In one embodiment of the present application, detecting an image area where a specified event contained in a video frame to be identified is located includes:

and inputting the video frame to be recognized into the trained event detection model for processing to obtain the image area of the specified event in the video frame to be recognized.

As an example of the present application, in order to efficiently perform event detection, after a video frame to be recognized is acquired, the video frame to be recognized is input into a trained event detection model for processing, so as to determine an image area where a specified event is located in the video frame to be recognized.

In this embodiment, a video frame to be recognized is input into a trained event detection model for processing, the position of an image area of a specified event in the video frame to be recognized is determined, and then the image area of the specified event in the video frame to be recognized is obtained based on the position of the image area of the specified event in the video frame to be recognized.

It can be understood that the event detection model may be trained in advance by the terminal device, or a file corresponding to the event detection model may be transplanted to the terminal device after being trained in advance by another device. That is, the execution agent that trains the event detection model may be the same as or different from the execution agent that performs event detection using the event detection model. For example, when the initial event detection model is trained by other devices, after the initial event detection model is trained by other devices, the model parameters of the initial event detection model are fixed to obtain a file corresponding to the event detection model, and then the file is transplanted to the terminal device.

In one embodiment, a sample video frame marked with a sample event is obtained; and taking the sample video frame with the marked sample event as a training set, and training to obtain an event detection model.

In one embodiment, a target video is obtained, and the target video is sampled according to a specified sampling rate to obtain an initial video frame. Inputting an initial video frame into a trained event monitoring model for processing to obtain an event detection result, wherein the event detection result is used for describing whether an image area where a specified event is located is included in the initial video frame; and if the first detection result indicates that the initial video frame contains the image area where the specified event is located, taking the initial video frame as the video frame to be identified.

S13: and inputting the image area into the trained event classification model for processing to obtain a classification result of the specified event.

As one example of the present application, the classification result of a specified event is used to describe the classification of the specified event.

In this embodiment, in order to reduce the amount of computation and quickly classify the video frames to be recognized, after detecting that the video frames to be recognized include the image area where the designated event is located, the image area where the designated event is located is input into the trained event classification model for processing, so as to obtain the classification result of the designated event.

It can be understood that, in order to classify the image region where the specified event is located, when it is detected that the video frame to be recognized contains the image region where the specified event is located, the image region of the specified event is obtained by segmentation from the video frame to be recognized, and then the image region obtained by segmentation is input into a trained event classification model to be processed, so as to obtain a classification result of the specified event.

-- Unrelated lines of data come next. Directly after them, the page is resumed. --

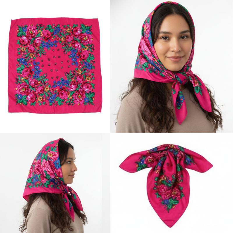 Kokum Floral Printed Scarf Color: Fuchsia Size: 30″ x 30″ Material: 100% Polyester Design: Floral Quantity: 10/Pack Sold By Pack!
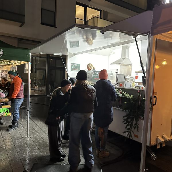 Glühmost und Gulaschsuppe gab es am Stand der NZB beim Weihnachtsmarkt am 29.11.2019 auf dem Mühlenplatz
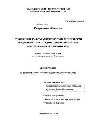 определена совокупность педагогических условий, обеспечивающих эффективность становления культуры психолого-педагогической аутодиагностики студента в образовательном процессе педагогического вуза: актуализация ценностного содержания культуры психолого-педагогической аутодиагностики студента педагогического вуза; модернизация межпредметной проектной деятельности студента в условиях диалога культур; сопровождение психолого-педагогической аутодиагностики студента в процессе его вхождения в инновационную педагогическую деятельность.

It can be understood that the event classification model may be trained in advance by the terminal device, or a file corresponding to the event classification model may be transplanted to the terminal device after being trained in advance by another device. That is, the execution subject who trains the event classification model may be the same as or different from the execution subject who performs event classification using the event classification model. For example, when the initial event classification model is trained by other devices, after the initial event classification model is trained by other devices, the model parameters of the initial event classification model are fixed to obtain a file corresponding to the event classification model, and then the file is transplanted to the terminal device.

In an embodiment, a sample image area of a labeled sample classification is obtained, and an event classification model is obtained by training with the sample image area of the labeled sample event as a training set.

S14: and correcting the classification result of the specified event according to the object detection result of the video frame to be identified.

As an example of the present application, the object detection result is used to describe an object existing in the video frame to be identified. For example, as shown in fig. 2, object detection is performed on a video frame to be recognized, and a trailer corresponding to a pedestrian, a vehicle or a pedestrian existing in the video frame to be recognized is determined.

In this embodiment, when an image region is input into a trained event classification model for processing, there may be an error in the classification result of a specified event obtained by processing due to the fact that the trained event classification model is not accurate enough, and therefore, it is further necessary to detect a video frame to be recognized to obtain an object detection result of the video frame to be recognized, so as to determine whether an object included in the image region corresponding to the specified event is classified incorrectly according to the object condition described in the object detection result, and further correct the classification result of the specified event, so as to obtain a correct classification result of the image region of the specified event.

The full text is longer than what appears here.